A typical CVD method involves placing a substrate in a reactor chamber where process gases are introduced and heated. This induces a series of chemical reactions that result in the deposition of a desired layer on the substrate. CVD methods can be used to prepare a silicon dioxide film made from silane (SiH4) or tetraethoxysilane Si(OC2H5). Various types of CVD processes are known such as atmospheric pressure CVD, low pressure CVD, or plasma enhanced CVD. However, CVD methods can suffer from the drawback that when trench dimensions approach deep submicron scale, sufficient trench filling becomes difficult. The CVD technique therefore, is not suitable for the nano-scale trench filling with high aspect ratio according to the invention.
In a typical SOD method, a solution containing a film forming material, such as an HSQ resin, is dispersed on to a substrate and spin spread to form a uniform thin film, using certain spin parameters. The spinnability of the solution directly influences the quality and performance of the thin film. After the film forming material is deposited on the substrate, the film forming material is cured.

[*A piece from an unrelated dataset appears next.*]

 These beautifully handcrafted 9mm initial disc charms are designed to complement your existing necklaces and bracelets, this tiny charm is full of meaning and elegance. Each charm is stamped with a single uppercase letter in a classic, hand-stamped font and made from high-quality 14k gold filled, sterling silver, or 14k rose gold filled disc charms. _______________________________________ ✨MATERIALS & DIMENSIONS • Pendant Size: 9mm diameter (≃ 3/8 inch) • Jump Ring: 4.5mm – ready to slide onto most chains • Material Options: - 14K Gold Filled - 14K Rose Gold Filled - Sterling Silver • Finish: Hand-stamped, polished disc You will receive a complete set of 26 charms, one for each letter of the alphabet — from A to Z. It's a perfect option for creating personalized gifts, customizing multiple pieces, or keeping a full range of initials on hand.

SOD is the technique according to the method of the present invention.
The invention is directed to a method of filling trenches in a semiconductor substrate. The trenches are filled by:
dispensing a film forming material on the semiconductor substrate and into the trenches;
curing the dispensed film forming material in the presence of an oxidant at a first low temperature for a first predetermined period of time;
curing the dispensed film forming material in the presence of an oxidant at a second low temperature for a second predetermined period of time;
curing the dispensed film forming material in the presence of an oxidant at a third high temperature for a third predetermined period of time; and
forming filled oxide trenches in the semiconductor substrate.
The film forming material is a solution of hydrogen silsesquioxane, and the oxidant can be nitrous oxide, nitric oxide, moisture steam, and the like. The hydrogen silsesquioxane film forming material is deposited on the semiconductor substrate and into the trenches by the spin-on coating method. The first low temperature is from 20-25° C. to 100° C., the second low temperature is from 100-400° C., and the third high temperature is from 800-900° C. If desired, the filled oxide trenches in the semiconductor substrate can be densified in the presence of nitrous oxide at a temperature of 400-800° C. The first, second, and third predetermined periods of time, and the time for the densification, are each 30-60 minutes. These and other features of the invention will become apparent from a consideration of the detailed description.
The hydrogen silsesquioxane used herein is a preceramic silicon-containing resin, more particularly, a hydridosiloxane resin containing units of the formula HSi(OH)x(OR)yOz/2. R is independently an organic group, which when bonded to silicon through the oxygen atom, forms a hydrolyzable substituent. Suitable R groups include alkyl groups such as methyl, ethyl, propyl, and butyl; aryl groups such as phenyl; and alkenyl groups such as allyl or vinyl. The value of x is 0-2; y is 0-2; z is 1-3; and the sum of x+y+z is 3.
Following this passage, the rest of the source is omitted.